Assuring that windows overlook pedestrian areas, increasing pedestrian and bicycle traffic, using appropriately angled lighting to illuminate faces (rather than bright light that causes glare and shadows), and avoiding sight-limiting features all contribute to what is known as “natural surveillance,” the practise of designing a space so that people feel they are being seen and crime victims can more easily summon help.
Reinforcing territorial boundaries through design that distinguishes between shared and individual areas.
Repair the “broken windows theory” holds that a community’s acceptance of broken windows and other signs of neglect sends a message that the residents don’t feel the need to keep the peace and that crime is tolerated there.
5. Transportation and connection
For most people who live in cities, transport use is an integral part of their daily routines.
Urban Design Interventions:
Specific interventions may include protected bikeways and networks, bikeshares, bus-only routes, and pedestrian plazas to encourage active commuting; and enhancing public transit services.
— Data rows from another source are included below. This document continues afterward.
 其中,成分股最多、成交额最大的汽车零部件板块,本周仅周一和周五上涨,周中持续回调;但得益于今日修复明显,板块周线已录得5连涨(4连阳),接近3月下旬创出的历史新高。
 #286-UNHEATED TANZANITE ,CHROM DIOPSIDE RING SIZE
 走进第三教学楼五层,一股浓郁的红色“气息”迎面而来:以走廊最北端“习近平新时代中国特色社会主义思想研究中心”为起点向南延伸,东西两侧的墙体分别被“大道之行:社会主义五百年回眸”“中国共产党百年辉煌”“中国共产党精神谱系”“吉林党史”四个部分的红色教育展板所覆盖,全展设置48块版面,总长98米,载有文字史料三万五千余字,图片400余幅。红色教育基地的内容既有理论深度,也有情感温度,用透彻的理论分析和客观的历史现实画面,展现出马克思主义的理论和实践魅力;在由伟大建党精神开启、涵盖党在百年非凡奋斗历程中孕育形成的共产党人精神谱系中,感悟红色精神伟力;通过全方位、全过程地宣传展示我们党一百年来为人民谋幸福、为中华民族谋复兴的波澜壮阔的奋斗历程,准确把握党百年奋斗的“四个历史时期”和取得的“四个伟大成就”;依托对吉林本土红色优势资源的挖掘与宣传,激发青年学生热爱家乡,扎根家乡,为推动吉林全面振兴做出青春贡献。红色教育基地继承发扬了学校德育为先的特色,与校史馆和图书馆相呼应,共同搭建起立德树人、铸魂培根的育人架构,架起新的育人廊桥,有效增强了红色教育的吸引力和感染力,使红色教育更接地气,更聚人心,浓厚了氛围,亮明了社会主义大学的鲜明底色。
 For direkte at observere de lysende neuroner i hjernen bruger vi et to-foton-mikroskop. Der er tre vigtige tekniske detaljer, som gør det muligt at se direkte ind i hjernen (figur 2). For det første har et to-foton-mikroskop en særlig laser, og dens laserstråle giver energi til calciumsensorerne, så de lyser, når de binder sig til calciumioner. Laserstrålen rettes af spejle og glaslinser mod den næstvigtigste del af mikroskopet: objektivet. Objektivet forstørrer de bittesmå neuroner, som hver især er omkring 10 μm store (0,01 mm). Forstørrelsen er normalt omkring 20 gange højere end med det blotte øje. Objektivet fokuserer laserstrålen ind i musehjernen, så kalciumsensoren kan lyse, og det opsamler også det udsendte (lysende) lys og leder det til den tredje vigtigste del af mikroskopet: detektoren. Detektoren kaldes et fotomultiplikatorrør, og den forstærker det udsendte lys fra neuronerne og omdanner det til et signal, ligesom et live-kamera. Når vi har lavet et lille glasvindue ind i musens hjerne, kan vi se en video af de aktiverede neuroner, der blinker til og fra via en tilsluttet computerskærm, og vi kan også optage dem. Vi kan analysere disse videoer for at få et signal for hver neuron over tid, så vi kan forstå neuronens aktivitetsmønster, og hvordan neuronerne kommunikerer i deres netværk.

6. Economic stress and affordability in the city
Cities are often the most glaring examples of economic inequality, with the poor tending to cluster in poorer, more densely populated areas that may be poorly managed or suffer from other problems. When economic gaps are glaring, as they often are in cities, residents of poorer neighbourhoods are more prone to suffer from low self-esteem, feelings of inferiority, frustration, and pessimism. Many studies have shown that people in urban areas who live in rundown, unsafe neighbourhoods are more likely to take drugs and be victims of crime.
Urban Design Interventions:
Urban design can seek to reduce the impact of economic disparities. For example, affordable housing that is dignified and well-managed; or affordable transport options including good transport links and active transport options that enable everyone to take advantage of the city’s economic, educational, social and cultural opportunities.
7. Air pollution
For years air pollutants have been implicated in various health outcomes, notably cardiovascular and respiratory diseases. The effects on mental health conditions are less well studied, but there is increasing evidence of the link between air pollution and depression (every 10 μg/m3 increase in exposure to NO2 seems to double the odds of developing depression). There is also evidence of links between air pollution and autistic spectrum disorders in earlier life, and cognitive decline and psychotic disorders in later life. Air pollution is unequally experienced, depending on factors such as city, country, socioeconomic group, ethnic group, and age of people exposed. In the US for example, inner city poorer neighbourhoods experience higher levels of air pollution and associated health impacts, yet in several European cities, central areas are associated with higher housing prices and hence the more well off experience greater exposures, but not necessarily greater health impacts.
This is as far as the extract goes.